You wouldn’t need a daemon for this. You could have a .lfhosts
file in each host that contains a <key, port> pair. Everybody can read that file anywhere.
The list of ports can also be in that file with a <none, port> listing.
This wouldn't solve the problem. The issue is that it is not statically known which instances are running and which ports are available. We need a process that can keep track of active federations, used ports, and unused ports. A file is not sufficient to do this.
If the key is uniquely generated at execution time, each active federation will have a unique key. Each federation could remove its entry from the file once it exits (it would need to inform lfd
anyway).
The only downside to having a file instead of a daemon that I could see is that there could be a race condition on the file and two unique keys might end up with the same port. A daemon can potentially serialize requests if it is carefully implemented.
It's not just the key that needs to be generated. The key merely ties a port to session. It's also the port that needs to be allocated. How is it picked? And how are federates made aware of the port at which to reach the RTI (or each other?)
Imagine a file with the following abstract structure:
federate_port_range = 5000 - 5100
key1 : 5000
key2 : 5001
whenever a new federation is launched, it would need to scan the file and add an entry to that file for each host. Remote federates would then only need to read but not write to the .lfhosts
file of others. Once the federation is done, it would remove that entry.
The benefit of this method is that port 22 is always available whereas a universally agreed upon port for lfd
could still be occupied.
Another benefit of this approach is that an extra daemon process does not have to be active.
The downside is the aforementioned potential race condition.
I agree that using SSH has an advantage in the sense that we can use a universally available port.
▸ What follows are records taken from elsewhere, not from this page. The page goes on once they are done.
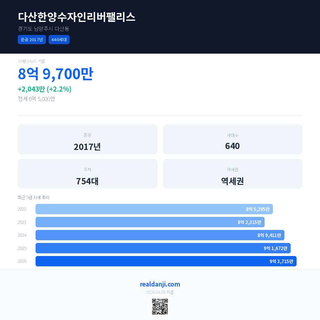 다산한양수자인리버팰리스 국민평형 기준 2026년 평균 거래가는 9억 3,715만으로, 전년 대비 2.2% 상승 했습니다.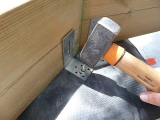 Puis il va falloir fixer solidement les poutres (solives) sur chaque plots afin d'avoir une ossature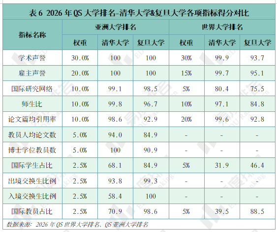 此外QS亚洲大学排名比世界大学排名多了教员人均论文数、博士学位教员数、出入境交换生比例4项指标,这些指标的纳入也对排名结果生产了不小的影响。
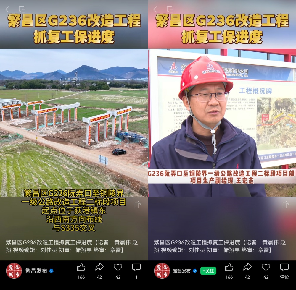 春節假期剛過(guò),由建工建投集團承建的繁昌區G236項目已全面復工復產(chǎn),迅速掀起大干快上“新”熱潮?!胺辈l(fā)布”視頻號、“繁昌新聞網(wǎng)”深入一線(xiàn)展開(kāi)報道。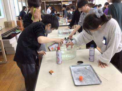 気体の中のろうそくの様子について調べました。

If we can find an elegant way to avoid the race condition this approach might be preferable. Perhaps a file-based database (SQLite) would do.
This discussion sounds a lot like reinventing the wheel. Maybe ROS is not a good choice, but there are many more middlewares out there. There are two problems that need to be solved:
I believe these are orthogonal problems. We can build a coordination protocol on top of an existing middleware. For instance SOME/IP could fit our requirements (This is the middleware that was used in my AUTOSAR work). We could simply generate a SOME/IP configuration from the LF program and configure the SOME/IP daemons on each host accordingly. I don't see value in creating a daemon of our own, unless that daemon solves both problems at once and performs better than a coordination layer on top of the middleware.
These two are not actually orthogonal. At least in the centralized coordination, the ordering of timestamped messages and their passage through the RTI is tied directly into the advancement of time for each federate. The code depends heavily on the assurance that a TCP/IP socket preserves ordering and ensures reliable delivery.
I'm certainly open to using some other middleware, as long as the following conditions are satisfied:
The new port allocation scheme addresses this issue. I have not seen failures related to this problem lately.
I just witnessed a nondeterministic result for the C test DistributedCount.lf. It failed in a Travis build for the pull request for my ProtoBuffTS branch, but then I restarted the build without changing anything and it passed.